Dawie Roodt explains the impact of the Iran war on South Africa’s economy
Efficient Group chief economist Dawie Roodt said the conflict between the United States, Israel, and Iran created uncertainty in the global economy.
The immediate impact was a higher oil price, gold performing well as a safe-haven asset, and the US Dollar strengthening.
“Those are all signs of uncertainty in the financial markets,” Roodt said in a statement about the Iran conflict.
He added that the increase in oil and gold prices was lower than one might have expected under these circumstances.
“We also saw that the financial markets seem to be under pressure in the Middle East, but again, less than what one would have expected,” he said.
Commenting on the possible outcome of this war, he shared a few scenarios –
- Oil prices can remain relatively high or even rise further to as much as $120 per barrel, depending on developments in the Strait of Hormuz.
- A very high oil price will be bad news for the global economy, leading to weaker economic growth, higher inflation, and interest rates remaining high or increasing.
- A good scenario would be that this war ends pretty soon, with the oil price coming down to $70 or even $60 per barrel.
However, the good scenario has been postponed with United States President Donald Trump warning that the conflict will last for weeks.
A potentially prolonged conflict causes uncertainty, which is impacting the global economy and financial markets.
“My suspicion is that much of this conflict will be resolved relatively soon and that oil and other prices are likely to stabilise and perhaps come down a little bit,” he said.
What it means for South Africa

Roodt said the impact on the South African economy and financial markets is similar to that of global markets.
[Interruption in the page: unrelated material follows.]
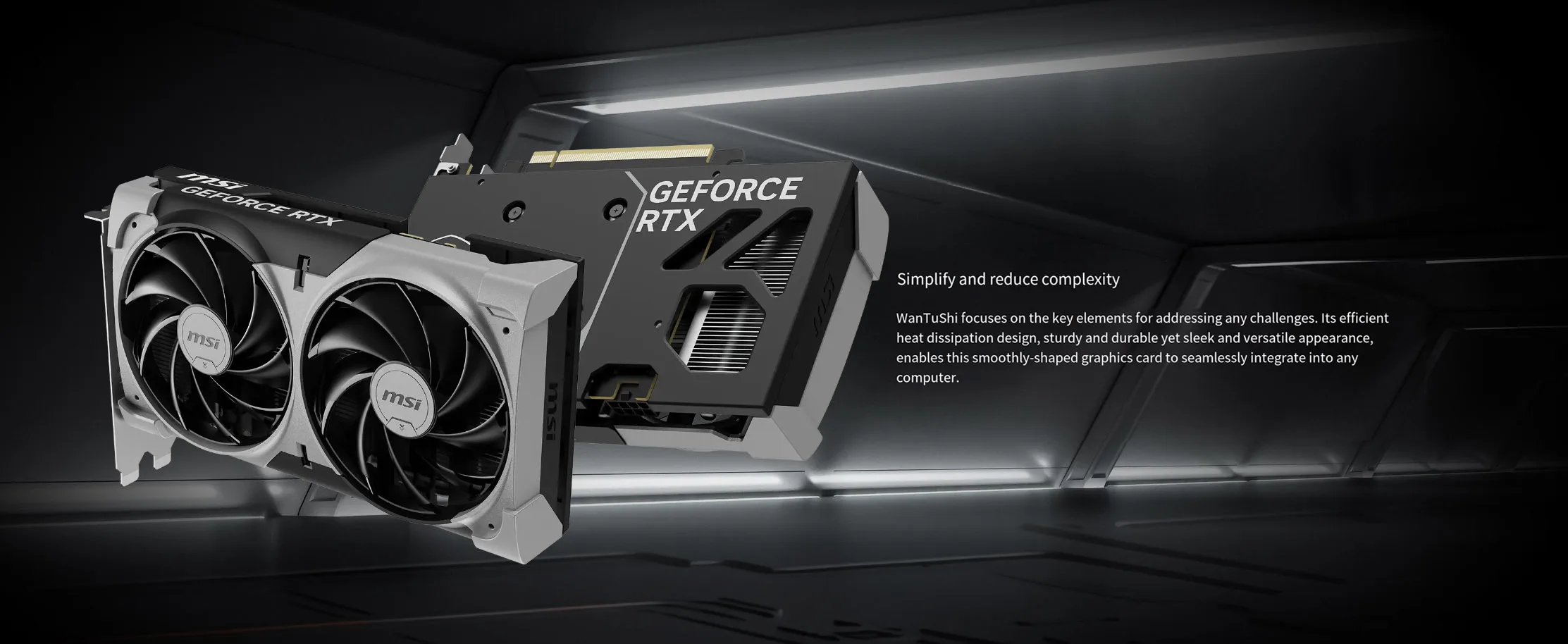 WanTuShi concentra-se nos elementos-chave para enfrentar quaisquer desafios.Seu design eficiente de dissipação de calor, resistente e durável, mas com aparência elegante e versátil, permite que esta placa gráfica de formato suave se integre perfeitamente em qualquer computador.

“The high oil price means that the Reserve Bank is likely to postpone a reduction in interest rates now,” he said.
In a worst-case scenario, the central bank may even raise interest rates, especially given South Africa’s inflation target now at 3%.
“The best-case scenario is for the Reserve Bank to postpone an interest rate reduction and for the South African economy not to be affected that much,” he said.
He said the most important aspect of the Iran conflict is South Africa’s international political positioning.
“Recently, South Africa had some military exercises with Iran, and clearly, you do not mess with America,” he said.
South Africa is seen as part of a political bloc which includes Iran, along with a few other nations like Russia and China.
Roodt added that the Iran conflict revealed that BRICS, as a political grouping, is obviously toothless.
“So, it could be an economic grouping, but certainly not a political grouping. We do not hear anything from BRICS so far,” he said.
Also, there is a possible international impact – Iran is one of Russia’s suppliers of military equipment.
That is likely to come to an end now, and that will certainly not be good news for Russia, which is engaged in a war in Ukraine.
However, the good news for Russia is that the emphasis has shifted to the Middle East now, largely moving away from Ukraine.
“So, all in all, there’s a lot of uncertainty, and we simply have to wait and see what is going to happen,” he said.
The National Treasury is confident about South Africa’s finances

On Monday, 2 March 2026, the National Treasury said South Africa’s stronger public finances have given the country a sizable cushion to absorb external shocks.
It added that these shocks include the fallout from the conflict in Iran, which significantly affected global markets.
“It would take a very large shock to derail our fiscal plans,” Treasury Director-General Duncan Pieterse told Bloomberg in an interview. “We have geared ourselves in a way that we can manage some deviation.”
The Treasury projects a primary surplus, which measures revenue minus non-interest spending, of R131 billion in the fiscal year through March 2027.
That’s R60 billion more than this fiscal year’s surplus, which was 0.9% of GDP and will stabilise South Africa’s debt-to-GDP ratio.
For South Africa to be pushed off this path of fiscal consolidation, revenue would either have to fall by R60 billion or government spending would have to jump by the same amount.
The Iran war could affect South Africa’s economic outlook if it persists and impact global growth or oil prices.
However, any headwinds from higher crude prices could be offset by higher prices for gold and other commodities.